| Task |
Write down exactly what lies from the line containing "为传承红色精神,学习革命先辈" to the end of the records, inclusive, and omit the pictures.

Content starts

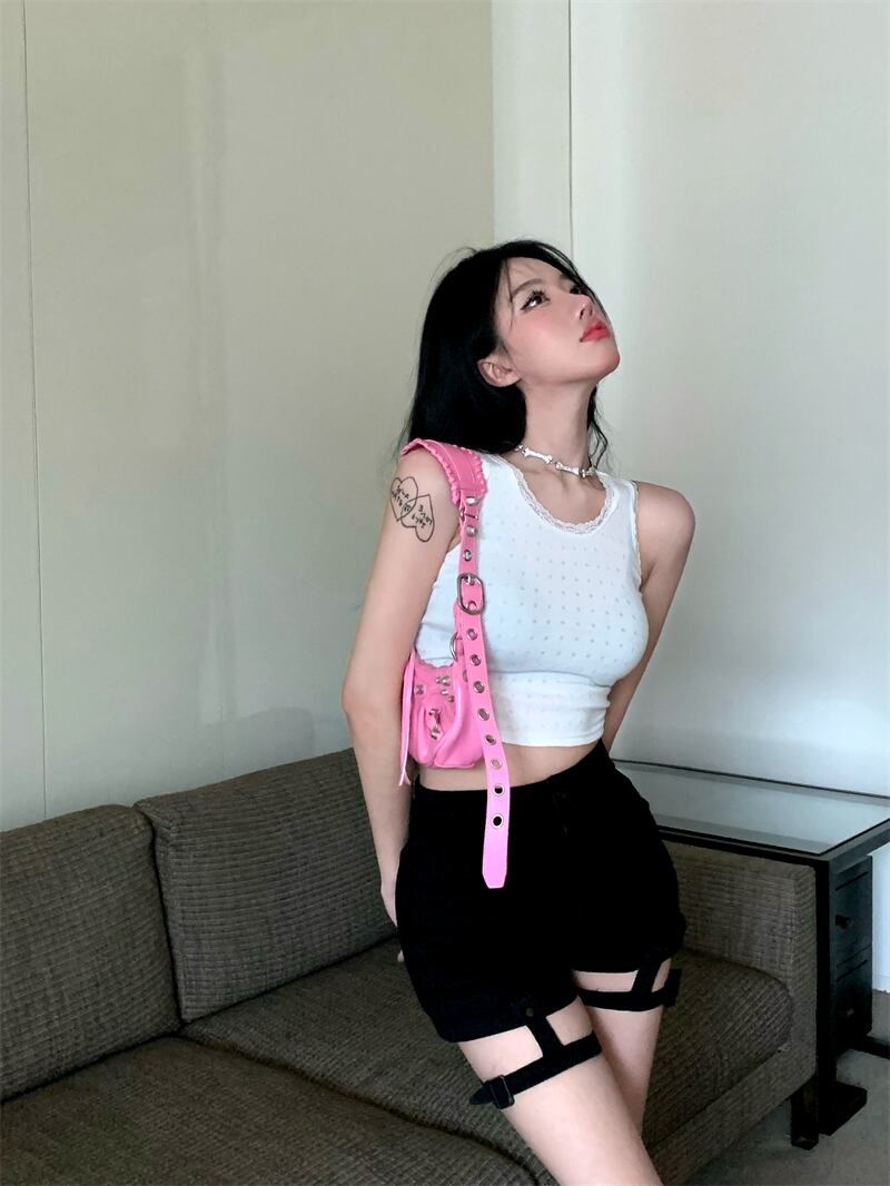 Hot design sense hollow lace-up denim shorts women's summer 2022 new self-cultivation high waist black straight pants ハイウェスト ブラック レース サマー 夏物 ショーツ ブルマー レースアップ 0921939667206905
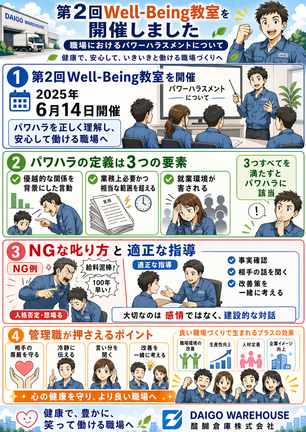 第2回のパワーハラスメント研修は、全10回のWell-Being教室カリキュラムの一環として、「心の健康」の深化と「職場環境の改善」を目指しています。
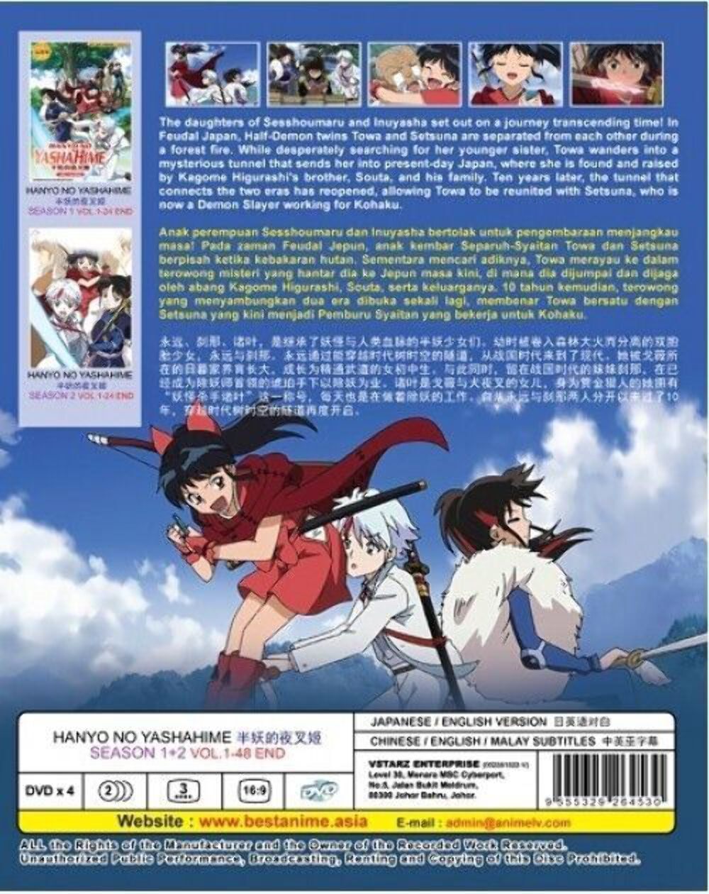 body { font-family: "Market Sans", Arial, sans-serif; } For detail of this set please view below only, and also to tell if this set has english or Japanese audio view below and check out the listing photo back side. If it shows as (Japanese / English Version means it has English audio but if it only shows Japanese Version no English Audio)All our set has at less English Subtitles if only Japanese audio. This set is all regions. ANYO NO YASHAHIME SEASON 1+2 VOL.1-48 END DVD Title Name ANYO NO YASHAHIME SEASON 1+2 VOL.1-48 END No of Disc 4 Disc (48 Episodes) Version English / Japanese Subtitles Chinese / English/ Malay Format DVD / NTSC All Region Code (16:9) STORY : The daughters of Sesshoumaru and Inuyasha set out on a journey transcending time! In Feudal Japan, Half-Demon twins Towa and Setsuna are separated from each other during a forest fire. While desperately searching for her younger sister, Towa wanders into a mysterious tunnel that sends her into present-day Japan, where she is found and raised by Kagome Higurashi's brother, Souta, and his family. Ten years later, the tunnel that connects the two eras has reopened, allowing Towa to be reunited with Setsuna, who is now a Demon Slayer working for Kohaku. But to Towa's shock, Setsuna appears to have lost all memories of her older sister. Joined by Moroha, the daughter of Inuyasha and Kagome, the three young women travel between the two eras on an adventure to regain their missing past. We Only Sell Original/Genuine DVDs. All DVDs I'm selling are from Licensed Publisher in Malaysia. All DVDs come with Original Sealed Authenticated Sticker / Hologram by Malaysia Censorship Board. ALL PACKAGE WILL BE SHIP OUT FROM USA CA SAN DIEGO AREA OCEANSIDE, SAN MARCOS. THIS MEAN WITH IN USA YOU SHOULD RECEIVE THE PACKAGE WITH IN 4-6 BUSINESS DAY AFTER SHIP OUT. We Only Sell Original/Genuine DVDs. All DVDs I'm selling are from Licensed Publisher in Malaysia. All our products are All region so it will play any dvd player in the world Any problem please contact us first so we can speed up taking care of you.
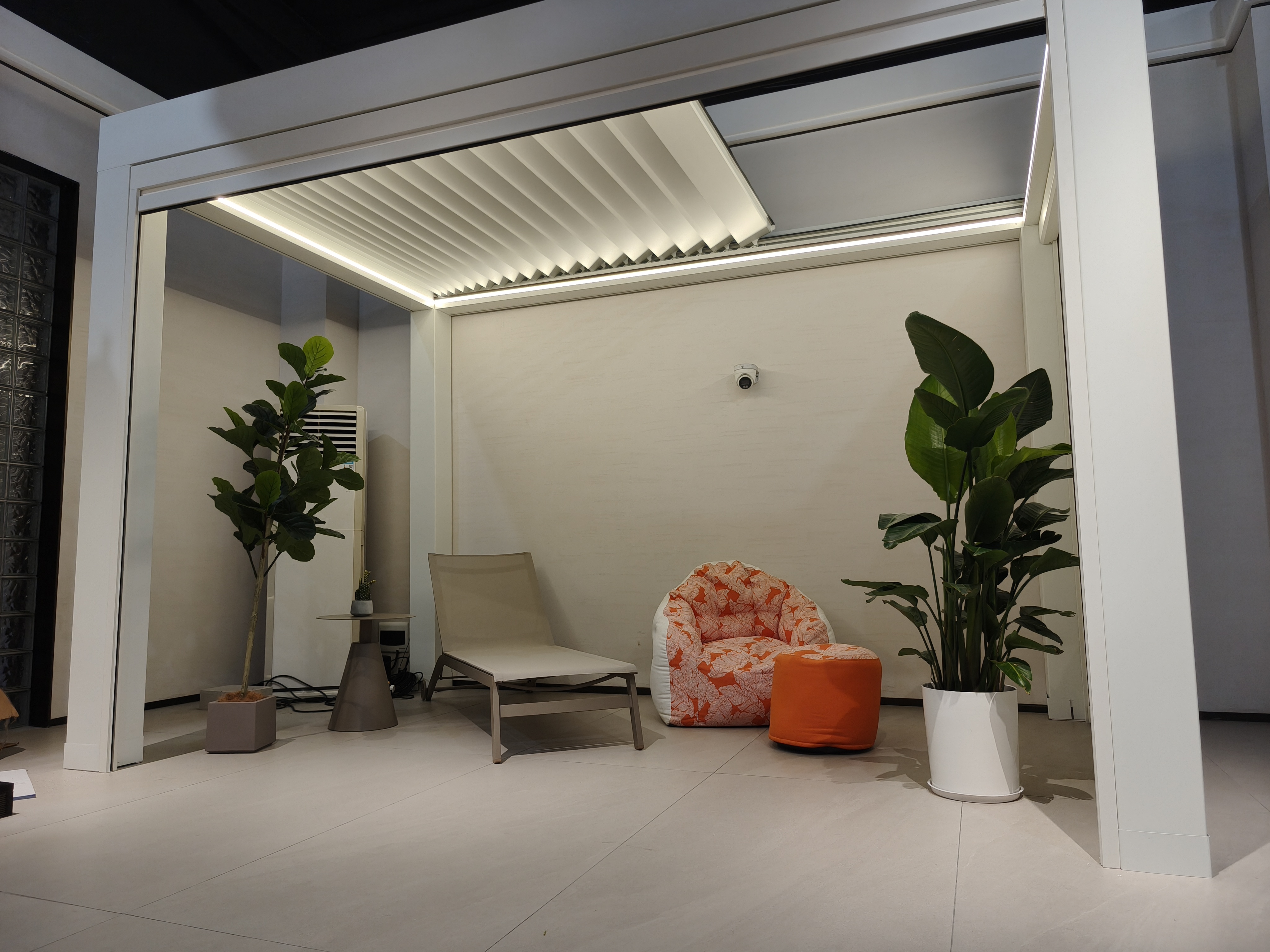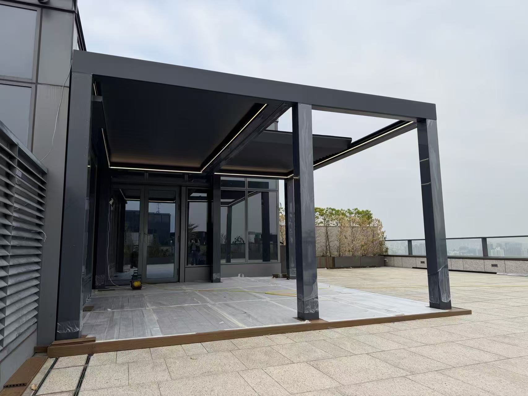 Die bioklimatische Pergola bietet Schutz vor Wetter und verbindet Funktionalität mit moderner Ästhetik.
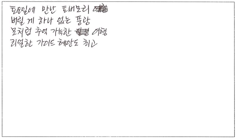 제목 | 2023년05월06일 출발 토버모리1일 자필후기 | ||
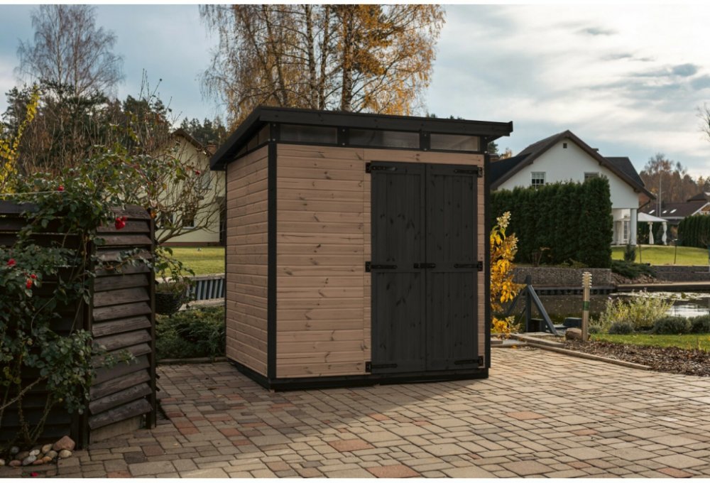 Dřevěné zahradní domky na nářadí Upyard z řady Strongbox nabízí robustní a stylové řešení pro uložení vašeho zahradního nářadí a dalších věcí. S impregnovanými základy a plastovou střechou odolnou proti povětrnostním vlivům budete ideálně vybaveni do každého počasí. Technické parametry - Strongbox L: - Vnitřní plocha: 2,95 m2 - Podlahová plocha: 3,3 m2 - Tloušťka stěny: 15 mm - Výška stěny: 1,85 m - Výška hřebene: 1,9 m Stěny Stěny jsou tvořeny deskami tloušťky 15 mm vyrobenými z dřeva s certifikací FSC, která zaručuje, že dřevo pochází z udržitelného lesního hospodářství. Díky panelové konstrukci je montáž obzvláště rychlá a snadná, takže svůj nový domek můžete okamžitě používat. Dveře a okna Dvoukřídlé dveře umožňují snadné uložení objemných předmětů a zajišťují pohodlný přístup k vašim věcem. Dveře je možné uzamknout visacím zámkem (není součástí balení). Domek nabízí optimální ventilaci důmyslně umístěnými otvory v horní části, které zajišťují výbornou cirkulaci vzduchu a současně chrání vaše věci. Střecha Vysoce kvalitní plastová střecha zajišťuje vynikající ochranu proti povětrnostním vlivům a spolehlivé uložení vašeho majetku za všech podmínek. Základy Zahradní domek je doporučeno postavit na tvrdém a dokonale hladkém povrchu jako je dlažba, beton, dřevěné plošiny apod. Přírodní terén není pro tento typ stavby vhodným povrchem. Při stavbě základů je nutné ponechat vzduchovou mezeru mezi domkem a zemí, aby byla umožněna přirozená cirkulace vzduchu. Pečlivá příprava základu a podlahy zajišťuje dlouhou životnost výrobku. Doporučuje se použít zemní vruty, neboť jsou ekonomické, rychlé a snadno se instalují a lze je použít v různých typech půd. Barvení a impregnace Domek je dostupný v přírodní verzi nebo ve verzi ošetřené z vnější strany barevnou lazurou. Díky lazuře zůstává zachován přírodní vzhled s kresbou dřeva a zahradní domek je chráněn před povětrnostními vlivy. Interiér domku je v přírodní barvě. Domek v přírodní verzi je vyroben z neopracovaného dřeva. K ochraně dřeva se doporučuje použití vhodných barev nebo impregnačních prostředků. Podlahové desky by měly být předem ošetřeny impregnací na dřevo, zejména ze spodní strany, aby byly chráněny před vlhkostí. Doporučuje se také oboustranná impregnace dveří. Pečlivá příprava dřeva zabraňuje pronikání vlhkosti a zajišťuje dlouhou životnost domku. Výrobek je dodáván nesmontovaný.
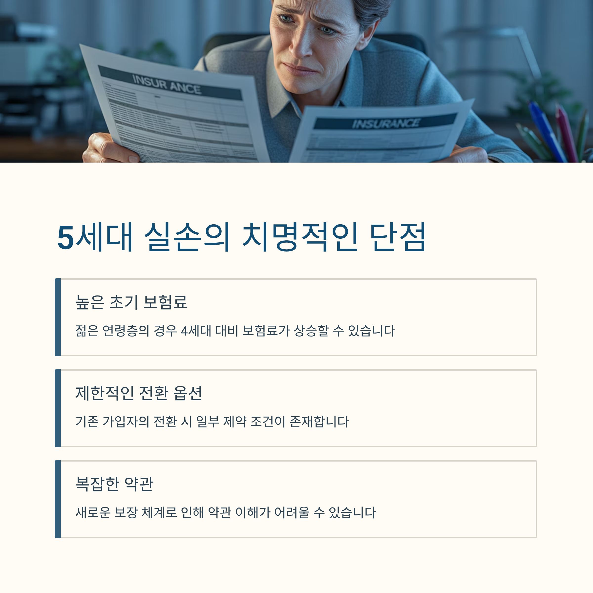 보험료가 1년마다 갱신되는 것은 4세대와 같지만, '재가입 주기'가 5년에서 3년으로 줄었어요. 재가입 시점에는 보험사가 상품 구조, 보장 내용, 자기부담금 등을 변경할 수 있어요. 즉, 3년마다 나에게 불리한 조건으로 상품이 바뀔 가능성이 커진 거죠. 안정성이 떨어졌다고 볼 수 있어요.
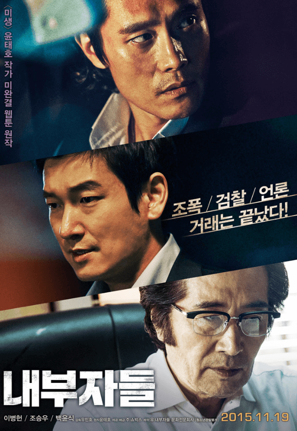 2015년 11월에 707만 명의 관객을 모은 영화다. 검사, 정치인, 대기업 그리고 깡패까지 모두 모여 서로의 돈을 위해 최선을 다한다. 안상구 역의 이병헌과 우장우 역의 조승우 그리고 이강희 역의 백윤식이라는 최고의 배우들로 흥미진진한 영화를 만든다. 결국 권선징악으로 끝났다. 하지만 그렇게 되기까지 정말 많은 힘든 일이 발생한다.
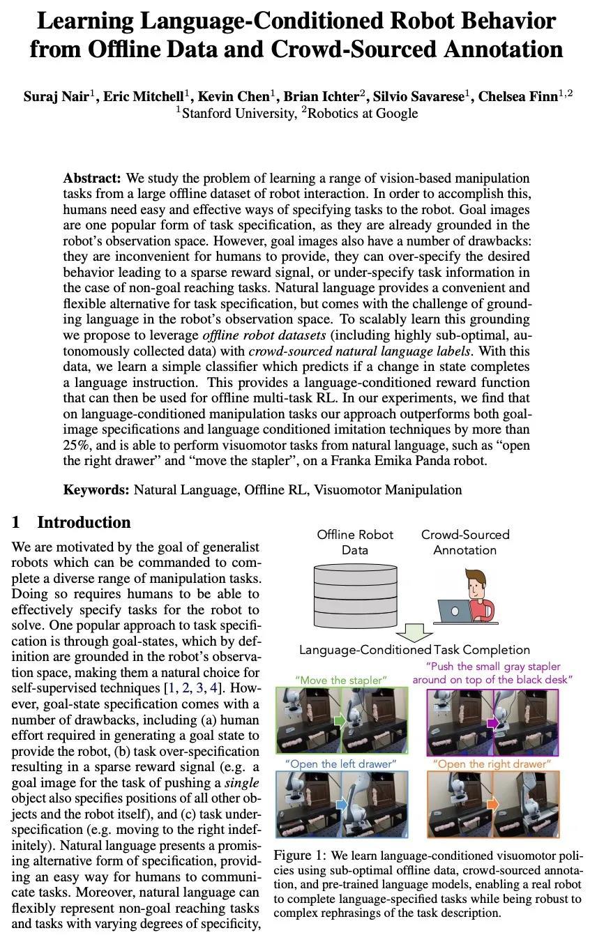 [RO] Learning Language-Conditioned Robot Behavior from Offline Data and Crowd-Sourced Annotation
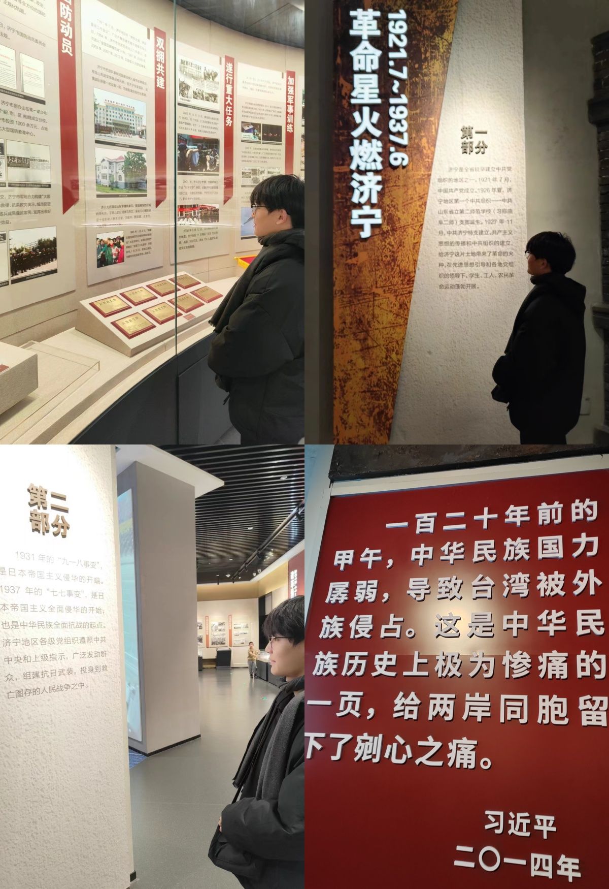 为传承红色精神,学习革命先辈们优秀事迹,2024年1月25日p站开展了“学思践悟,红脉追寻,红润人心”社会实践活动。学思践悟实践团队成员分别前往山东省济宁市革命军事馆、聊城市家风馆、威海市甲午战争纪念馆等革命宣传博物馆进行观摩学习。
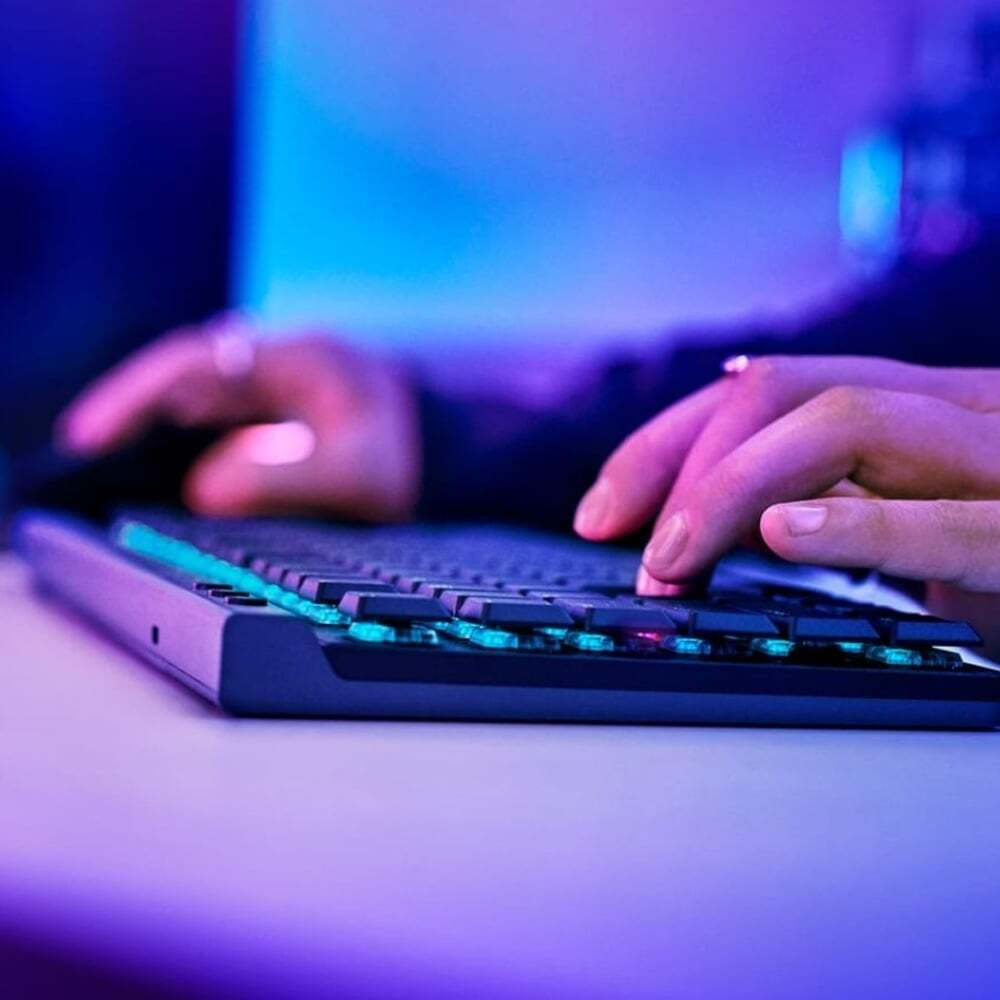 Οι διακόπτες με εργοστασιακή λίπανση, τα καπάκια πλήκτρων χαμηλού προφίλ με διπλή βολή PBT και η κατασκευή με στρώματα που αποσβένουν τον ήχο παρέχουν ομαλότερη αίσθηση, ταχύτερη ενεργοποίηση και ακριβή πληκτρολόγηση με μηδενικούς συμβιβασμούς στην ανθεκτικότητα.
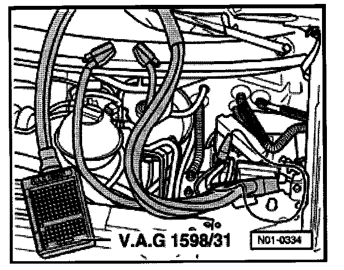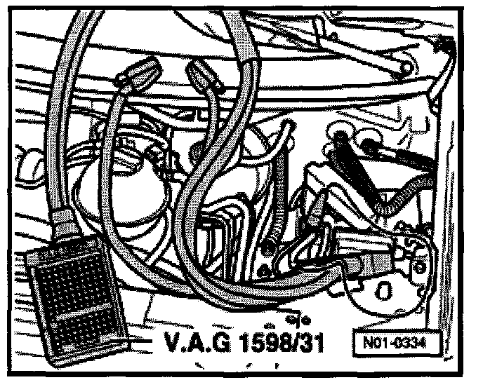 - Connect VAG1598/31 test box to control module wiring harness. Engine Control Module (ECM) is not connected.
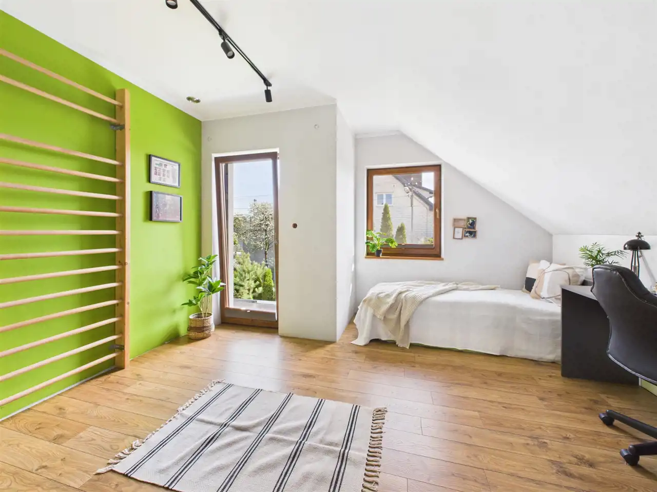 - Sypialnia z wyjściem na balkon;

Content ends

| Result of this task |
 为传承红色精神,学习革命先辈们优秀事迹,2024年1月25日p站开展了“学思践悟,红脉追寻,红润人心”社会实践活动。学思践悟实践团队成员分别前往山东省济宁市革命军事馆、聊城市家风馆、威海市甲午战争纪念馆等革命宣传博物馆进行观摩学习。
 Οι διακόπτες με εργοστασιακή λίπανση, τα καπάκια πλήκτρων χαμηλού προφίλ με διπλή βολή PBT και η κατασκευή με στρώματα που αποσβένουν τον ήχο παρέχουν ομαλότερη αίσθηση, ταχύτερη ενεργοποίηση και ακριβή πληκτρολόγηση με μηδενικούς συμβιβασμούς στην ανθεκτικότητα.
 - Connect VAG1598/31 test box to control module wiring harness. Engine Control Module (ECM) is not connected.
 - Sypialnia z wyjściem na balkon;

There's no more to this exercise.